CBP was given emergency humanitarian funds by Congress to address this exact issue, but the out-of-control agency instead illegally spent the cash on a canine program, dirt bikes, and computer network upgrades, the Government Accountability Office found earlier this year. “The GAO report did not indicate how much money was misused, but it said the expenditures were a violation of the law,” The Washington Post reported at the time.
“Aside from telling children the United States was not their country, CBP officers often insulted children based on their nationalities, telling them their countries were worthless,” the AI Justice report said, finding 895 children, many of them indigenous, reported verbal abuse. “While physical abuse was not reported as often as verbal abuse, it was still the experience of many detained minors,” the report continued. “Children reported being kicked, grabbed, pulled, pushed, dropped and slapped.”
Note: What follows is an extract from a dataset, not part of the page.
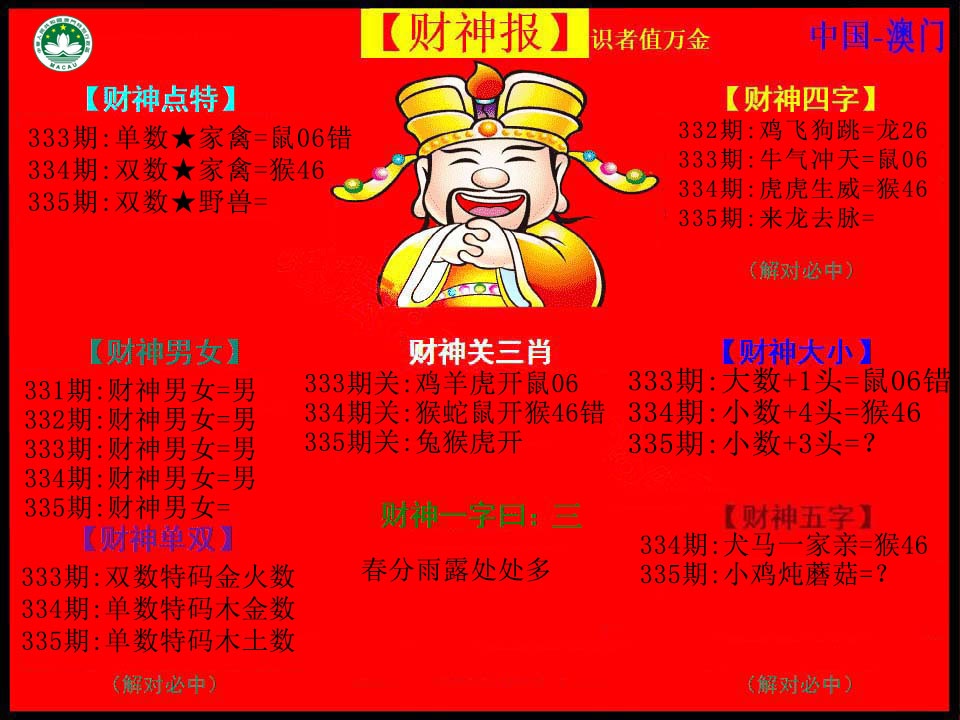 335期: 买啥都中 【男肖男肖男肖】开:狗44

In one instance, officials accused a 16-year-old teen who had arrived to the U.S. with his two younger cousins of trafficking them. When officers weren’t getting the answers they wanted out of the boy, one tried to beat it out of him.
“They were accusing me of something that wasn’t true,” the boy said in the report. “It eventually got to a point where they hit me. They told me that I was the father of the children and that I was trafficking them. … They told me that I was going to be put in jail for 10 years and that I was going to go back to Guatemala.”
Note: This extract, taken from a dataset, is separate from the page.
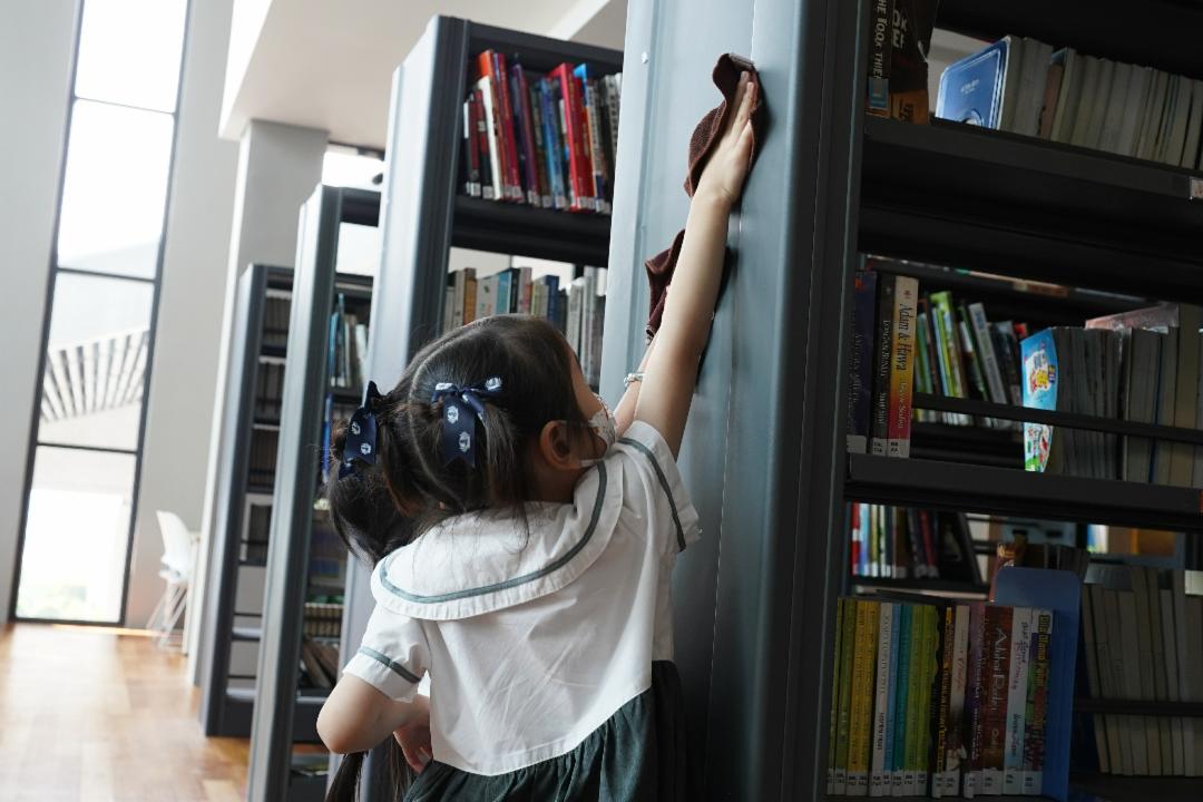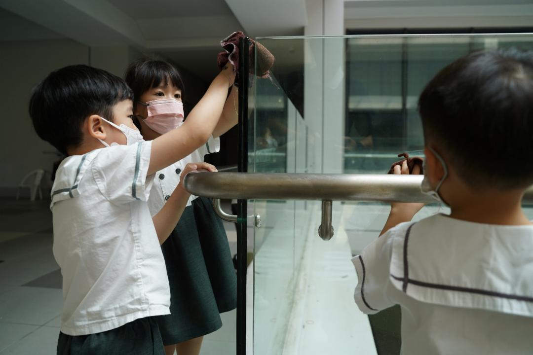 除了赠送色笔,另一个造福的时候到了。每位儿童都有造福能力,因此幼教小孩的儿童节活动之一就是校园大扫除。老师根据孩子的能力,拟定了大扫除的任务,再由班上的学生决定要执行哪一项工作,其中包括抹小白椅,抹玻璃,清理运动器材,打扫图书馆等等。

The Post reports that an agency spokesperson claimed in response to the report that “CBP treats those in our custody with dignity and respect and provides multiple avenues to report any misconduct,” and that it takes “all allegations seriously and investigate all formal complaints.” Pure fiction. The American Civil Liberties Union said in September that “[a]ccording to data obtained by the American Immigration Council in 2017, the agency took ‘no action’ in 95.9 percent of complaints filed against the agency between 2012 and 2015. Despite independent advisory panel recommendations issued in 2016, CBP has still not fixed its disciplinary system.”
There must be a reckoning when it comes to immigration agencies’ treatment of detained people, but of children in particular.
AI Justice “has spent more than two decades documenting and litigating the mistreatment of asylum seekers, including children, at the hands of CBP,” the group said in the report. “How many more children have to die for CBP to effectuate change? The impact of these abusive practices on the children will be long-lasting. These vulnerable children deserve to be welcomed with compassion and respect as they seek refuge and a better life in the United States.”